Автобус остановился, двое актеров направились к выходу, и помреж, проснувшись, напоминал им о дневной репетиции.
– А ему… сие ведомо? – спросил Пал Палыч.
Светильникова покачала головой.
– Не могла сказать… Но нам дальше нельзя так – между правдой и ложью…
– Какой ложью, Оленька?
– Я обещала, что – смирюсь. Неправда. Все время только и думаю: господи, неужели это – на всю жизнь, неужели теперь даже мечтать нельзя ни о чем?.. Значит, я не смирилась, нет – только затаилась до поры… Я знаю, вы меня осуждаете, Пал Палыч.
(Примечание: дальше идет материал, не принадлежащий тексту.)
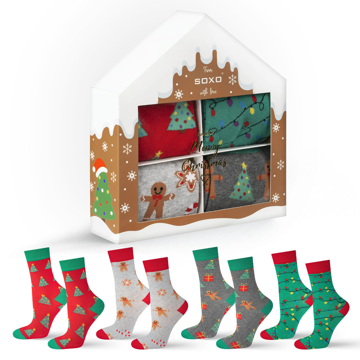Zestaw zawiera: 1x skarpetki piernikowe ciastko i prezenty 1x skarpetki lampki choinkowe 1x skarpetki drzewko bożonarodzeniowe 1x skarpetki świąteczne smakołyki Modne skarpetki SOXO z pewnością ...

– Отчего же… – грустно глядя на бритый затылок Гриши, промолвил Пал Палыч. – Москва для актеров – земля обетованная.
– Только попытаться, Пал Палыч! – подхватила Светильникова. – Последний раз – и пан или пропал, окончательно, навсегда!.. Не молчите, Па-алыч, милый, ведь вы единственный здесь человек, который может сказать: да или нет!
– Ольга Сергеевна, вам выходить, – шофер остановил автобус.
– Скажите, Палыч, – говорила Ольга, собирая вещи, – как вы скажете – так я и решу!..
– Нет… такого права – увольте, не приму…
– Ну скажите, как думаете, только – как на духу!..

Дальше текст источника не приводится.